Carrots are among the top ten vegetable crops in the world, with an annual world production of about 428 million tonnes grown on about 11.5 million hectares. The investment per unit area is not high and with good cultivation techniques yields of up to 50 t/ha can be achieved, together with major economic benefits from winter cultivation. During the growing season, carrots are susceptible to numerous pests.
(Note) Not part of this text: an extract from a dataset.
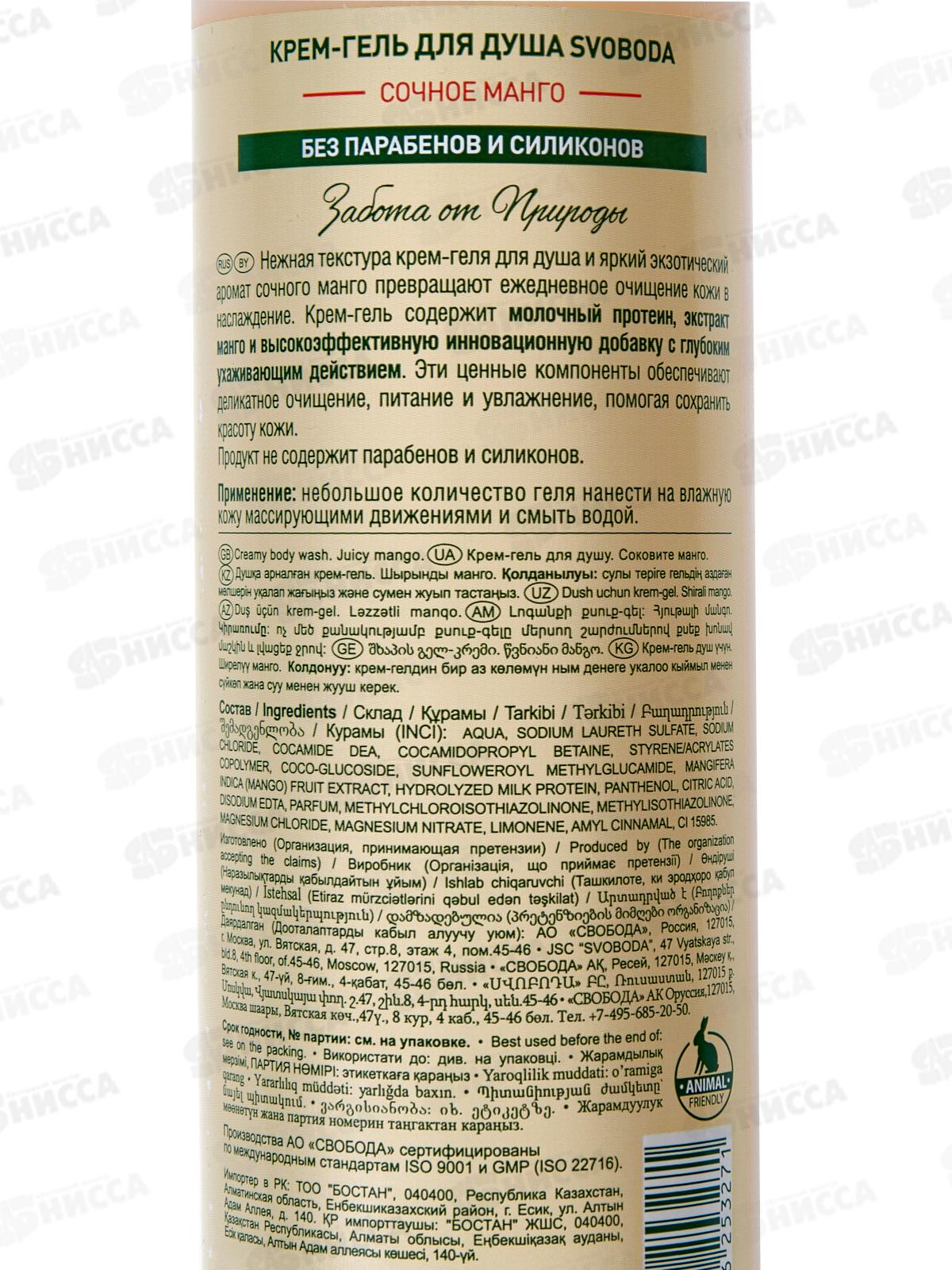 Состав: вода, лауретсульфат натрия, хлорид натрия, кокамид ДЭА, кокамидопропилбетаин, сополимер стирола и акрилатов, кокоглюкозид, метилглюкамид подсолнечника, экстракт плодов манго (Mangifera Indica), гидролизованный молочный белок, пантенол, лимонная кислота, динатриевая ЭДТА, отдушка, метилхлоризотиазолинон, метилизотиазолинон, хлорид магния, нитрат магния, лимонен, амилциннамаль, CI 15985.

The most important are the carrot root fly (Psila rosae, Fabricius), whose root-feeding fly larvae reside in the soil or plant tissue, and the carrot cyst nematode (Heterodera carotae Jones), which is responsible for the decline of carrots in many countries and requires strict sanitation measures if crops are infected. As insecticides become less available in Europe, the appropriate use of non-chemical methods in integrated pest management (IPM) needs to be emphasised, highlighting the importance of developing new tolerant varieties. This review addresses the approaches to monitor and predict the occurrence of two important carrot pests and the main control measures according to the strategies of IPM.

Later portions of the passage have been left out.